Dem Aufbau der Sozialdemokratie opferte Parteigründer Victor Adler viel. Selbst seine Familie litt darunter.#


Von der Wiener Zeitung (Freitag, 9. Juli 2010) freundlicherweise zur Verfügung gestellt.

Zusammenstellung von

Richard Solder


Viktor Adler
V. Adler (1852–1918) starb einen Tag vor der Ausrufung der Republik
© Wiener Zeitung / Archiv, Repro M. Ziegler

Er sollte Aufdecker von sozialen Missständen, versierter Journalist, Publizist und politischer Wortführer werden. #

Dr. Wilhelm Richard Baier, Graz-Andritz, ergänzt: "Victor Adler war Einiger und Führer der österreichischen Sozialdemokratie, Haupt der Arbeiterbewegung und Mitbegründer der Ersten Republik." Manche hätten das dem jungen Adler wohl nicht zugetraut.

Brigitte Schlesinger, Wien 12: "Victor war ein schwächliches Kind, klein, und hatte einen Sprachfehler. Oft, wenn er im Unterricht aufgerufen wurde, stotterte er entweder .. . heftig oder brachte kein Wort heraus. In einer Sprechschule in Westfalen, welche er nach der Matura 1870 besuchte, befreite man ihn zumindest von den Exzessen dieses Sprachfehlers." Nicht nur wegen dieser Wandlung lohnt sich ein Blick auf Adlers Jugend.

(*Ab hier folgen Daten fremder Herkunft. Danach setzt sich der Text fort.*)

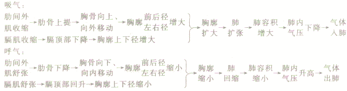 呼吸运动的过程以流程图的形式可简化表示如下:
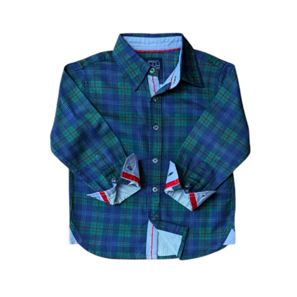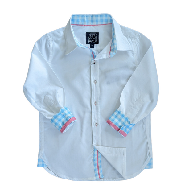 White Shirt with Blue Gingham Trim in Long Sleeves
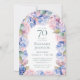 This watercolor hydrangeas 70th birthday party invitation is whimsical and stunning! With its lovely arch of multi-hued blue, pink, and purple hydrangeas it is perfect for your loved one who's turning seventy. By selecting Personalise this template and typing in your information you can see your gorgeous invitations in seconds!

Elisabeth Somogyi, Wien 11, informiert: Victor "kam am 24. Juni 1852 in Prag zur Welt. Als er drei Jahre alt war, zog die Familie nach Wien, hier besuchte er das Schottengymnasium im 1. Bezirk." Auch Josef Pflügler, Kamp/NÖ, verweist auf den Umzug Mitte der 1850er-Jahre.

Alexander Klissenbauer, Wien 6, zur Schulzeit: "Der um zwei Jahre ältere Engelbert Pernerstorfer war ein sehr guter Freund." Der zukünftige Journalist und Politiker (1850–1918) sollte Adler noch länger begleiten.

Bei den "Schotten"#

Plakat, V. Adler
Plakat für Wahlen zum alten Abgeordnetenhaus vor 1907
© Wiener Zeitung/Archiv, Repro M. Ziegler

Wie Franz Kaiser, Wien 11, betont, handelte es sich beim Schottengymnasium um "eine der besten Schulen Wiens".

Hildegard Rabel, Wien 1, erklärt, wie sich die Familie das leisten konnte: Victors Vater "Salomon Markus Adler besuchte die Talmudschule und erlernte das Handwerk seines Vaters, eines armen Tuchmachers." Lange musste er sich durchkämpfen. "Ab 1860 befasste er sich mit Realitätenhandel und erwarb sich im Laufe der Zeit ein großes Vermögen."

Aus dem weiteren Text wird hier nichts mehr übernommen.